Liu Zhipeng, Hua Weihua, Liu Xiuguo, Liang Dong, Zhao Yabo, Shi Manxing
School of Geography and Information Engineering, China University of Geosciences, Wuhan 430074, China.
Sensors (Basel). 2021 Dec 5;21(23):8132. doi: 10.3390/s21238132.
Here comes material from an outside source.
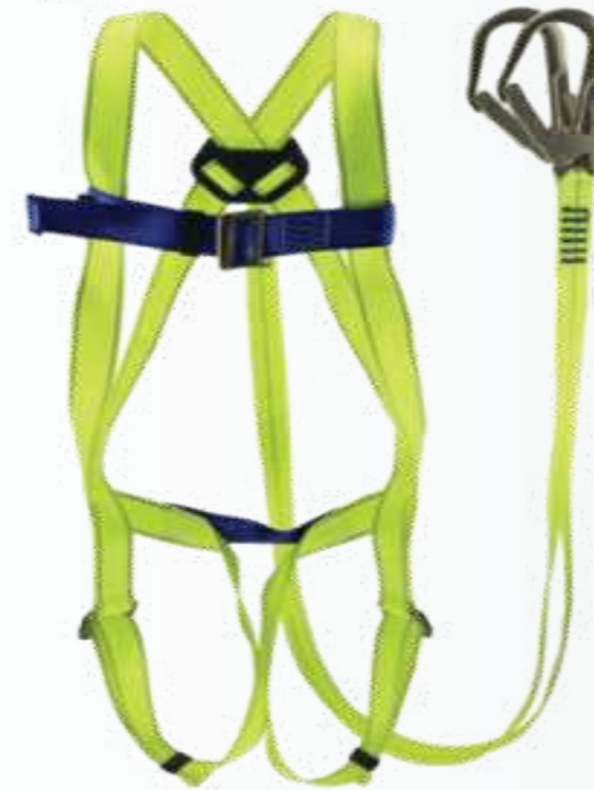
Dây đai toàn thân 2 móc Body belt 2 hook

Geospatial three-dimensional (3D) raster data have been widely used for simple representations and analysis, such as geological models, spatio-temporal satellite data, hyperspectral images, and climate data. With the increasing requirements of resolution and accuracy, the amount of geospatial 3D raster data has grown exponentially. In recent years, the processing of large raster data using Hadoop has gained popularity. However, data uploaded to Hadoop are randomly distributed onto datanodes without consideration of the spatial characteristics. As a result, the direct processing of geospatial 3D raster data produces a massive network data exchange among the datanodes and degrades the performance of the cluster. To address this problem, we propose an efficient group-based replica placement policy for large-scale geospatial 3D raster data, aiming to optimize the locations of the replicas in the cluster to reduce the network overhead. An overlapped group scheme was designed for three replicas of each file. The data in each group were placed in the same datanode, and different colocation patterns for three replicas were implemented to further reduce the communication between groups. The experimental results show that our approach significantly reduces the network overhead during data acquisition for 3D raster data in the Hadoop cluster, and maintains the Hadoop replica placement requirements.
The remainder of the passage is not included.